Incidence of tuberculosis in the Swiss HIV Cohort Study and use of preventive therapy.

The amount of clinical work associated with the preventive efforts was considerable: >4000 tuberculin skin tests were performed, but the overall impact was dismally small. Clearly, preventive therapy is not as efficient an intervention as one would hope and has become even less efficient, because antiretroviral therapy has greatly reduced the incidence of tuberculosis among individuals with latent Mycobacterium tuberculosis infection.

To what extent would replacing the tuberculin skin test with an IFN-γ release assay (IGRA) improve the efficiency of the intervention?
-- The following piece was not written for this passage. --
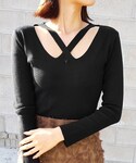 ディーホリックのニット/セーター「ネックXストラップニット」を使ったコーディネート

Some, but not much, is probably the short answer. There can be little doubt about the superior specificity of IGRA, compared with the conventional tuberculin skin test [9]. Higher specificity will importantly reduce the number of persons treated unnecessarily. Therefore, it has a substantial impacts on effectiveness but has barely any impact on efficiency. Although the issue of comparative test sensitivity remains debatable [10], there is no reason to believe that the sensitivity of the IGRA deviates much from that of tuberculin skin testing. It is unlikely that any of the currently available IGRAs has the potential to eliminate the fundamental issue of anergy, because this might be the biological limitation of this type of test. Again, probably little can be expected in terms of improving efficiency.
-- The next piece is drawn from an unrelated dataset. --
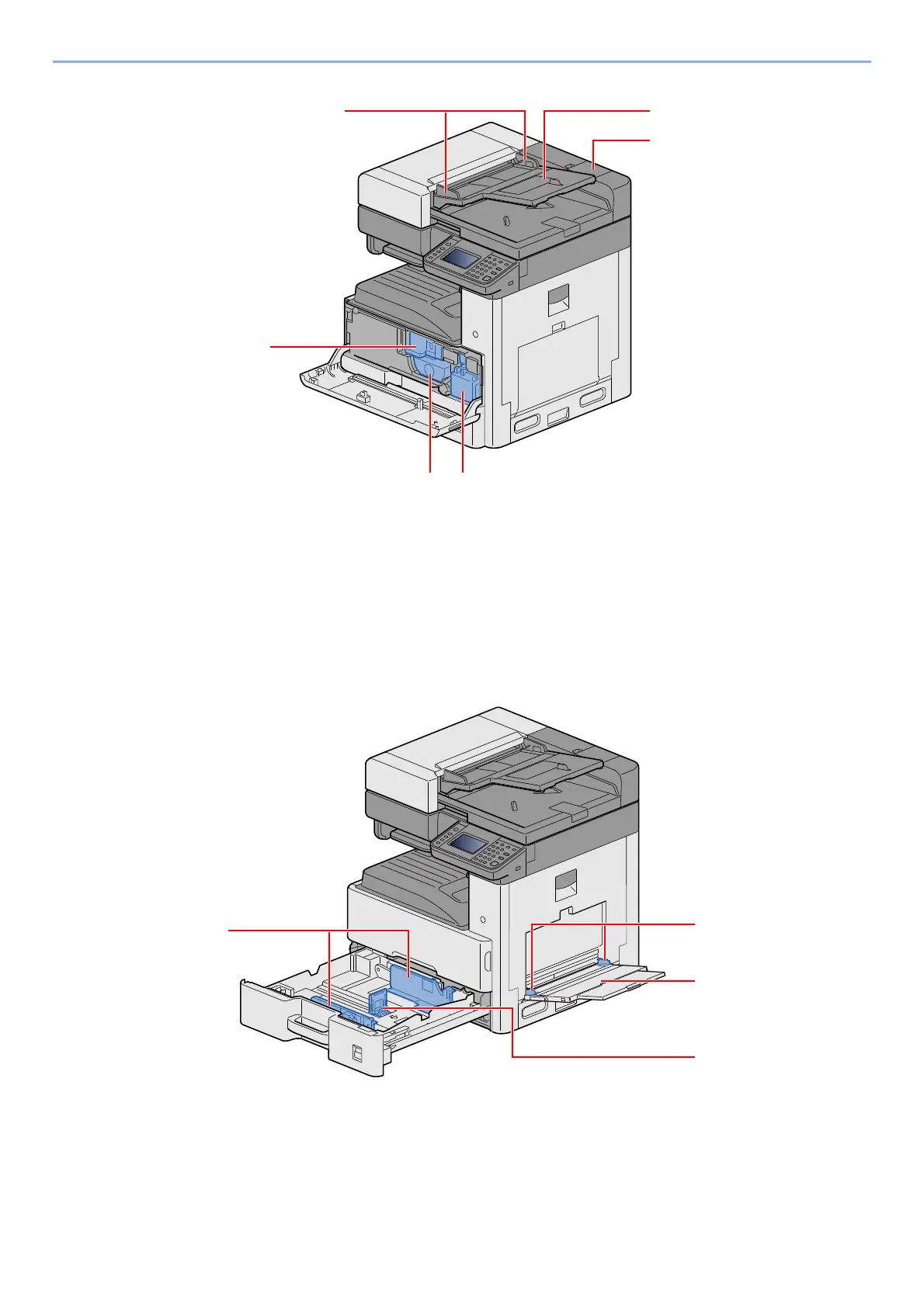 Het apparaat installeren en configureren > Onderdeelnamen (buitenzijde machine)

It is not within the ability of these newer tests to resolve a single fundamental problem associated with the tuberculin skin test, and that is the obvious prerequisite to place a test in the first place. Nor will these tests help in addressing the seeming reluctance of some clinicians to act on a positive test result, whatever the definition or test operating characteristics. The operational difficulties in the Swiss study are not specific to this particular European country; clinician adherence to testing HIV-infected persons is equally poor in the United States [11], where, historically, preventive therapy has perhaps the longest acceptance.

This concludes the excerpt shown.